Ivermectin question

According to this article, a Japanese pharmaceutical company has found that Ivermectin has an “anti-viral effect” against COVID-19 in non-clinical research. Originally, the article said Ivermectin was “effective” against COVID, but this was amended to “anti-viral effect”. I was just wondering if any medically knowledgeable dopers could help me with a couple of questions.

  1. What’s the difference between Ivermectin being effective and Ivermectin having an anti-viral effect? From my layman’s perspective those sound like they mean the same thing.

  2. What does non-clinical research mean in this context? Again, as a layman, I don’t get how the efficacy of any drug could be established outside of a clinical setting.

Thanks.

According to that article, clinical trials in this case means being tested on humans.

So, they could be using ivermectin in a test tube to see if it kills viruses, for example, or in animal studies.

From that article:

The original Reuters story misstated that ivermectin was “effective” against Omicron in Phase III clinical trials, which are conducted in humans.

That article was pretty sparse on details, so it’s really hard to say. But, honestly, this really sounds like old news.

Ivermectin has been shown in the past to have anti-viral effects in vitro - that is, in cell cultures in a lab. What has never been demonstrated is clinical effectiveness. That is, if you give ivermectin to actual human beings, that it has any actual effect on documented clinical outcomes - severity or duration of symptoms, hospitalization rates, mortality rates, etc. Or, for that matter, any direct evidence that it has any impact on actual viral loads or viral activity in actual human beings.

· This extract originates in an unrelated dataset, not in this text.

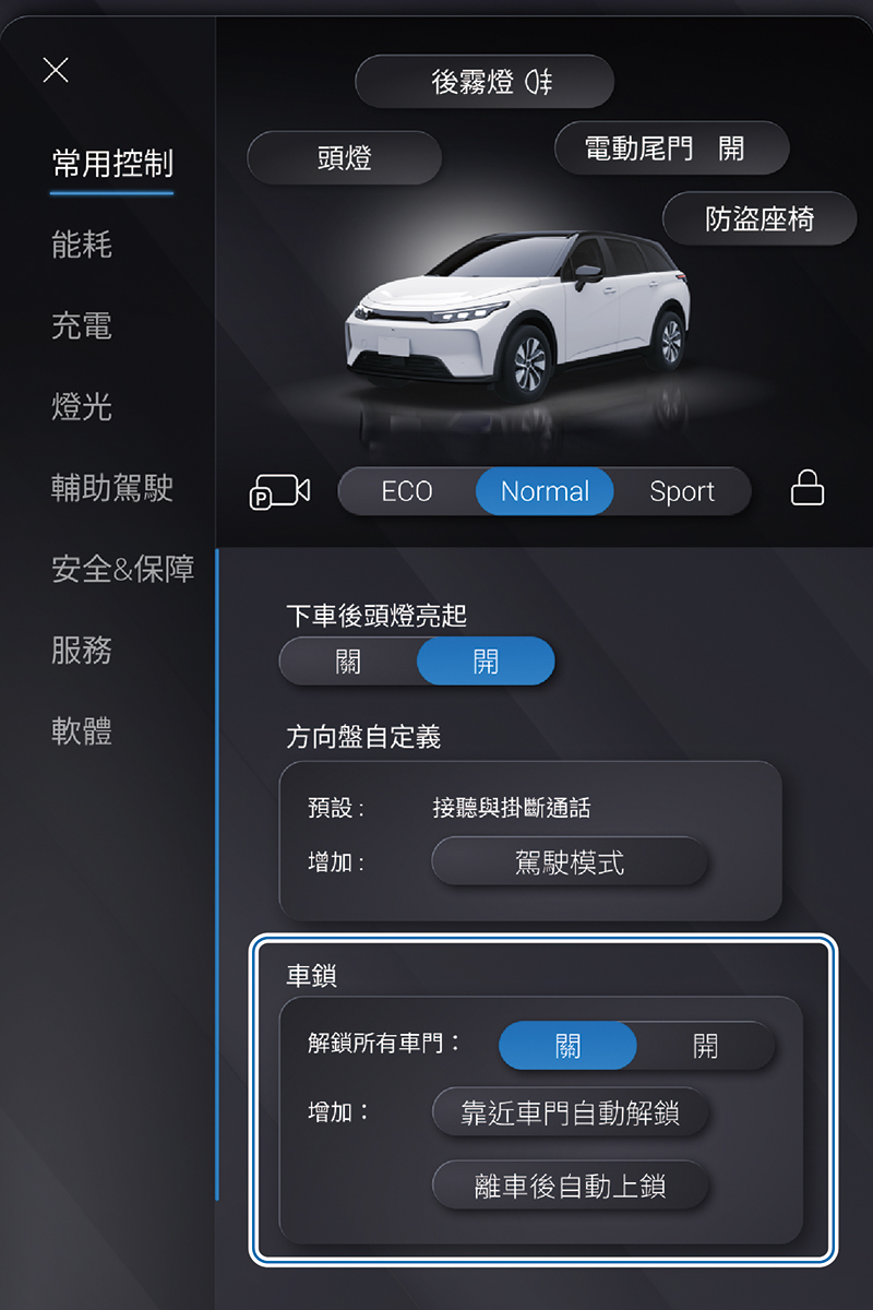 開啟此功能時,執行車輛解鎖時可解除所有車門的鎖定裝置;關閉此功能時,執行車輛解鎖時,僅會解除駕駛側車門的車門鎖。

A lot of substances show “anti-viral effects” in vitro. Very few substances show any significant clinical effectiveness as anti-viral treatments. It should probably also be noted that many substances that do show anti-viral effects in vitro are used in such high concentrations that they would themselves be toxic if applied to actual human beings. As I understand it, this is true with previous in vitro studies of ivermectin.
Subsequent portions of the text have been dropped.